El otro Vegeta se rió de nuevo:

-Han pasado veinte años, ¿cierto? Obviamente ha pasado muchoel tiempo. ¿Por qué tendría que ir a encargarme de una vieja caída?

Ese era el punto de quiebre de Vegeta. Se lanzó hacia adelante y le dio un puñetazo en la mandíbula. Golpeó a él con furia. Goku intervino e intentó alejarlo, pero Vegeta lo empujó a un lado. Si hubiera pensado en esto lógicamente, ponerse en el lugar del otro Vegeta (recordar), se habría dado cuenta de que fue todo una artimaña. Este Vegeta, recién resucitado, escondía su verdadero ser tras las rejas y solo lo desbloqueó durante raras condiciones de seguridad, en momentos privados. Llevaba una máscara tan fuerte que incluso él mismo la confundió con la real.

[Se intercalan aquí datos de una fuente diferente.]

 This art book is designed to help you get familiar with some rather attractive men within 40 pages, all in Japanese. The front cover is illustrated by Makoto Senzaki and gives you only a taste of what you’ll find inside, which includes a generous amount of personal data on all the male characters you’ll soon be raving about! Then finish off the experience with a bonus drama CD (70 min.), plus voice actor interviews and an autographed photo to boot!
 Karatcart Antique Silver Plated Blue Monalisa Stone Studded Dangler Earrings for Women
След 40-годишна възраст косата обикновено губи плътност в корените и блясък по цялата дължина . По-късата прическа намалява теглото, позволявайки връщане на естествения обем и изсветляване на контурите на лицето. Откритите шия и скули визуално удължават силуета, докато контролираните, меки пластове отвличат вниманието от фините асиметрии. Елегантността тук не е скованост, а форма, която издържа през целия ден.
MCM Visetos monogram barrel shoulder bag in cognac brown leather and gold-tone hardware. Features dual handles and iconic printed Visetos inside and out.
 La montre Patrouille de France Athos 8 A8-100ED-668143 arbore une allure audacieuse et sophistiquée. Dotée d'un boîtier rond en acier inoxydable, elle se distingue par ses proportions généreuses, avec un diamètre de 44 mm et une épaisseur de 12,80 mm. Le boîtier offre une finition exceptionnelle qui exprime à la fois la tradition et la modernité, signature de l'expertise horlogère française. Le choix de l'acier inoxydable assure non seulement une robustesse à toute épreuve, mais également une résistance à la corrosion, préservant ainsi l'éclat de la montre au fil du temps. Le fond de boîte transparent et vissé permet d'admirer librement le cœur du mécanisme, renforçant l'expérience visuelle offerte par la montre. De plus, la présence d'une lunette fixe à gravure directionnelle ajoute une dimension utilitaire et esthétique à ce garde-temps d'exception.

Pero había criticado a Bulma. Él había deducido que la edad la había hecho menos atractiva. Continuó golpeándose a sí mismo. Se dio cuenta de que se había convertido en un Super Saiyan y no le importó. Incluso cuando Bulma estaba en el hospital luchando por respirar, era hermosa. Nunca le desagradó...Nadie la insultaba, ni siquiera él mismo.

Se sintió bien hacer sangrar al anterior. Hacerlo sufrir, mostrarle quién era el jefe

-¡Nadie, y digo nadie, insulta a mi mujer!- Vegeta rugió- ¡Si haces otro comentario sobre su falta de atractivo, te mataré!

-Como si pudieras- escupió el otro.

Vegeta se convirtió en Super Saiyan 2 y luego se adentró aún más en Súper Saiyan fase 3:

-Puedo y lo haré si no me escuchas. Te traje de vuelta porque es lo que el niño y la mujer creen que quieren. ¡Si descubro que has empeorado sus vidas, te perseguiré, te devolveré al suelo y regresaré al infierno!

La mención del infierno hizo que el otro Vegeta retrocediera y se preguntó qué había pasado con su otro yo. El infierno no había sido tan malo la última vez que había estado allí. Pero, de nuevo, había diferentes áreas en el lugar, algunas peores que otras.

Vegeta soltó al otro hombre, ahora magullado con la boca sangrando:

-Saca a este bastardo de mí vista- dijo, alejándose.

Trunks le puso una mano en el hombro al pasar. Se tomó unos segundos para encontrarse con su mirada y silenciosamente dijo"Lo siento"

Nota de la traductora: ¡Buenas! Disculpas por el atraso. Por ningún motivo crean que abandoné la traducción. Ocurre que he estado muy ocupada. Intentaré traducir de manera más seguida. Besotes y gracias por esperar.